Mat 5:6 "Blessed are those who hunger and thirst for righteousness, for they shall be satisfied. 
Mat 5:7 "Blessed are the merciful, for they shall receive mercy. 
Mat 5:8 "Blessed are the pure in heart, for they shall see God. 
Mat 5:9 "Blessed are the peacemakers, for they shall be called sons of God. 
Mat 5:10 "Blessed are those who are persecuted for righteousness' sake, for theirs is the kingdom of heaven. 
Mat 5:11 "Blessed are you when others revile you and persecute you and utter all kinds of evil against you falsely on my account. 
Mat 5:12 Rejoice and be glad, for your reward is great in heaven, for so they persecuted the prophets who were before you.


----------



## Peairtach (Aug 6, 2011)

Any obedience that is done from a heart that is right with God is good fruit.

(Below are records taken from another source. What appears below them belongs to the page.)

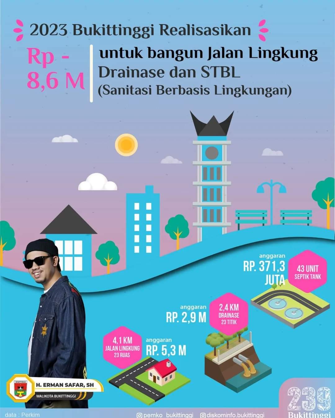 Wali Kota Bukittinggi, Erman Safar, didampingi Kepala Dinas Perkim, Rahmat AE, menjelaskan, untuk membantu kelancaran dan kenyamanan pemukiman warga, Pemko Bukittinggi telah melaksanakan pembangunan jalan lingkungan dan drainase lingkungan yang dilaksanakan sepanjang tahun 2023 dan tersebar di seluruh kelurahan Kota Bukittinggi. Ada 23 ruas jalan lingkungan dengan total panjang 4153,20 meter dan 23 titik drainase lingkungan dengan panjang keseluruhan 2413 meter. Pekerjaan dilaksanakan secara bertahap selama satu tahun terakhir.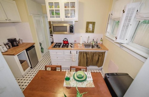 The fully-stocked kitchenette has everything you need. There is a four-burner gas stove, microwave, mini fridge, sink, coffee maker, and basic pots and pans, dishes and silverware. You can sit at the breakfast table with your morning coffee and plan your day. We stock breakfast foods in the fridge and pantry, including cereal, pancake mix, real maple syrup, spices, butter, milk, fresh Florida orange juice, tea, coffee and more.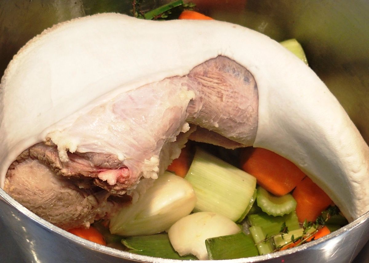6) Recouvrir d'eau (environ 4 litres). Ajouter les cubes de bouillons. Porter à ébullition, goûter et rectifier l'assaisonnement (sel), laisser cuire 3 heures à couvert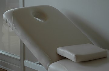 Massagebriks m. motor, blødt kunstskind, justerbar i højden og ryggen. L. 210 - Fremstår i god stand.
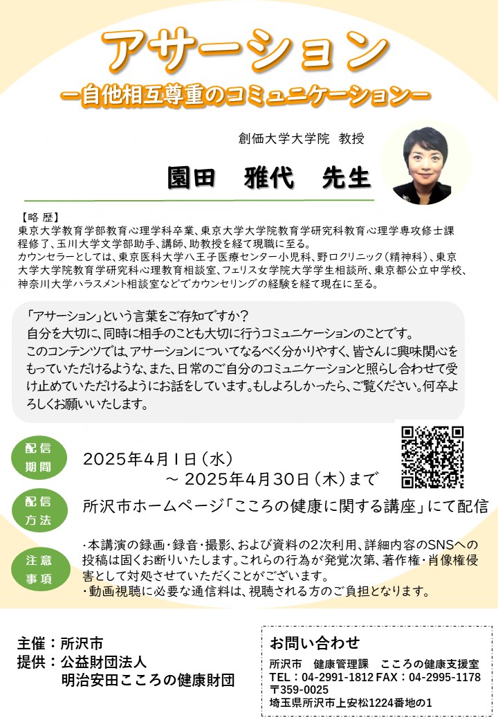 - 「アサーション-自他相互尊重のコミュニケーション-」の動画視聴はこちら(外部サイト)です。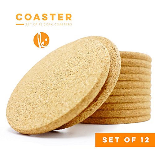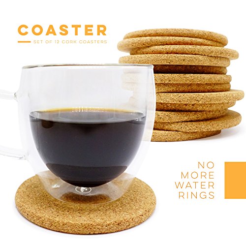Absorbent Cork Coasters (Circle) - Set of 12, Best Drink Coaster for Drinks in Office, Home, or Cottage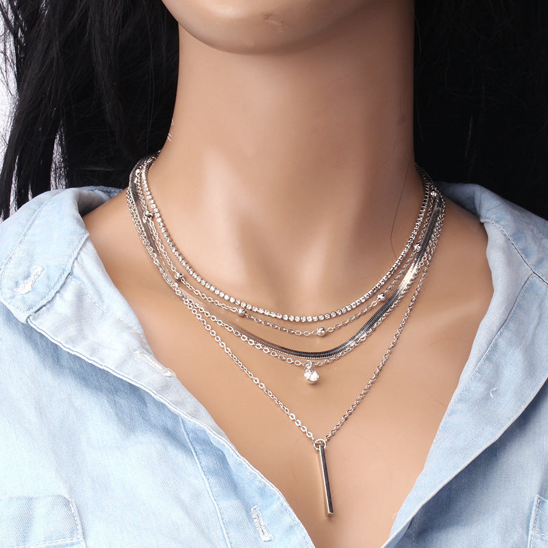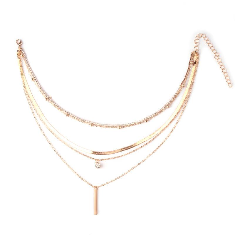 Internet celebrity multi-layer diamond necklace female ins niche design sense temperament snake bone chain trend jewelry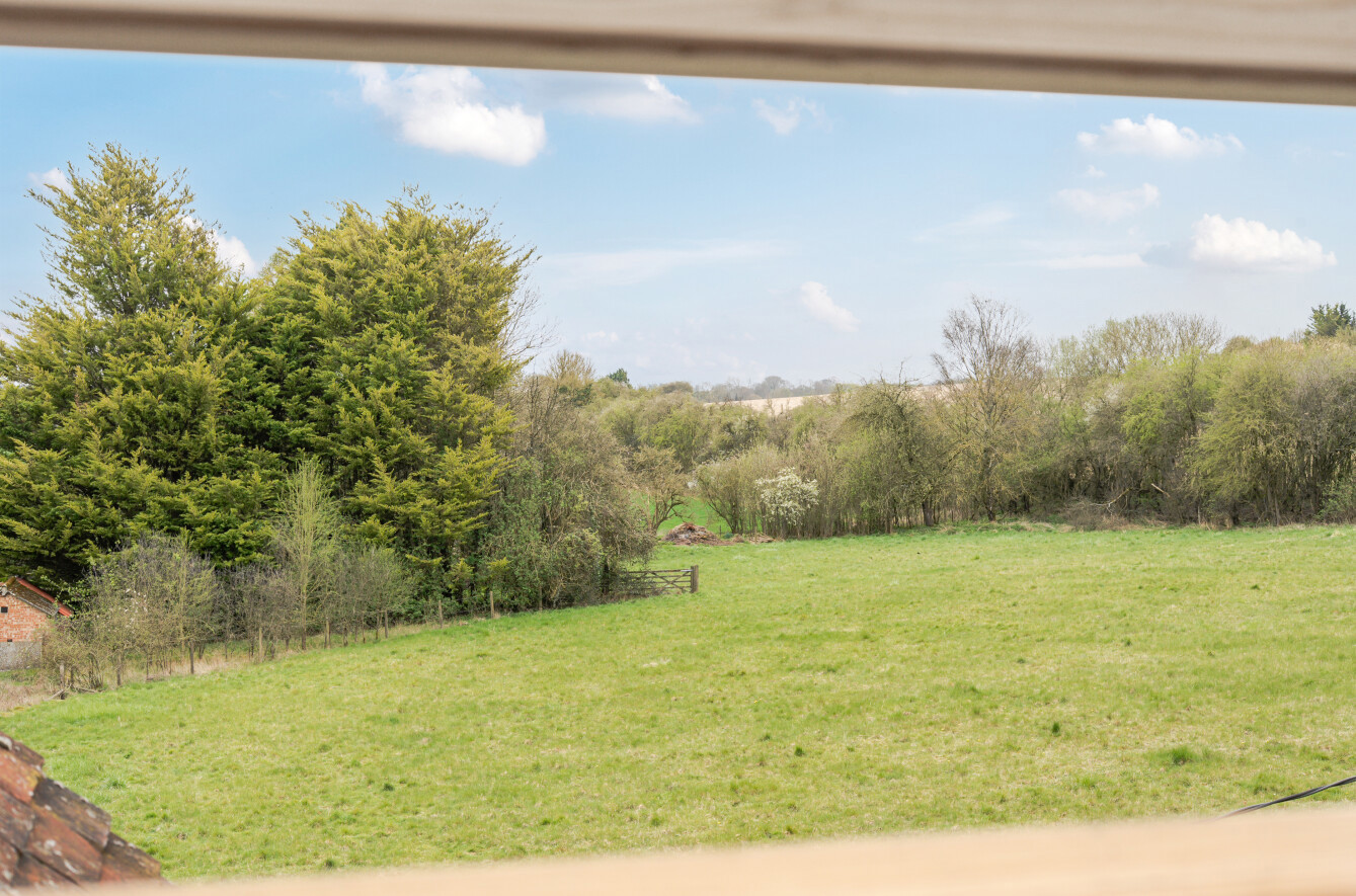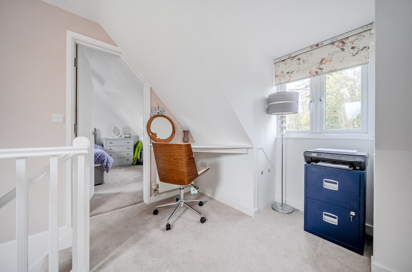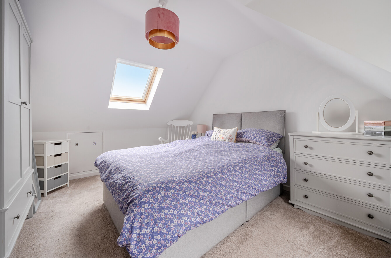 Upstairs, the bedroom two enjoys countryside views and a feature blue-tiled fireplace, alongside two further well-proportioned bedrooms and a stylish family bathroom with patterned flooring and a curved bath. The top floor loft conversion provides a spacious additional bedroom with en-suite shower room and dressing room with vaulted ceilings, Velux windows, and eaves storage.
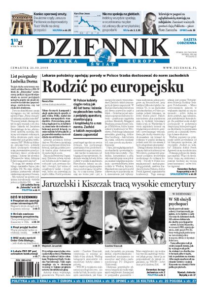 W Polsce kobiety rodzą tak jak 40 lat temu, poziom położnictwa nadal nie spełnia europejskich standardów; PO twierdzi, że na obniżce emerytur byłym esbekom budżet zaoszczędzi 600 mln zł; rząd przyjął projekt ustawy budżetowej na rok 2009; konkurencja zarzuca PKO BP nieuczciwość przy reklamie nowej 10,5-procentowej lokaty; kryzys w USA diametralnie zmienił podejście Francji do gospodarki; niski przyrost naturalny wśród Europejczyków grozi kryzysem gospodarczym.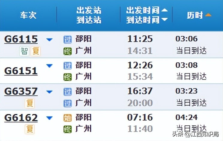 目前,邵阳站至广州站每天有4个车次的高铁,其中,只有G6162次列车为始发终到站列车。

It is always impefect and smelly in this life but is graciously accepted by God in Christ.

Unbelievers can only do relative good, not real good, because they do not have a new heart with a new motive of love for the true God. However even believers' genuine good works are impure and unclean because they still have sin in their hearts.



> You shall love the LORD your God with all your heart and with all your soul and with all your might. (Deut 6:5; Mark 12:30)



Keeping the 10C - both positively and negatively - because you love God, are examples of good fruit. See e.g. the Westminster Larger Catechism on the 10C.


----------



## NB3K (Aug 6, 2011)

Peairtach said:


> You shall love the LORD your God with all your heart and with all your soul and with all your might. (Deut 6:5; Mark 12:30)



Isn't that the Law though? I mean yes it manifest's itself as the chief fruit, but how does one know that he or she is loving the one true God?


----------



## InSlaveryToChrist (Aug 6, 2011)

Peairtach said:


> Any obedience that is done from a heart that is right with God is good fruit.
> 
> It is always imperfect and smelly in this life but is graciously accepted by God in Christ.



Indeed. The Westminster Confession of Faith, CHAPTER XVI. Of Good Works. VI. states as follows:



> Yet notwithstanding, the persons of believers being accepted through Christ, their good works also are accepted in him, not as though they were in this life wholly unblamable and unreprovable in God's sight; but that he, looking upon them in his Son, is pleased to accept and reward that which is sincere, although accompanied with many weaknesses and imperfections.


----------



## Martin (Aug 6, 2011)

Perhaps I should have asked for examples of good works.


----------



## Peairtach (Aug 6, 2011)

NB3K said:


> Peairtach said:
> 
> 
> > You shall love the LORD your God with all your heart and with all your soul and with all your might. (Deut 6:5; Mark 12:30)
> ...



The fruit has shape. It's shape is obedience to God's law in the production of good works, negative and positive.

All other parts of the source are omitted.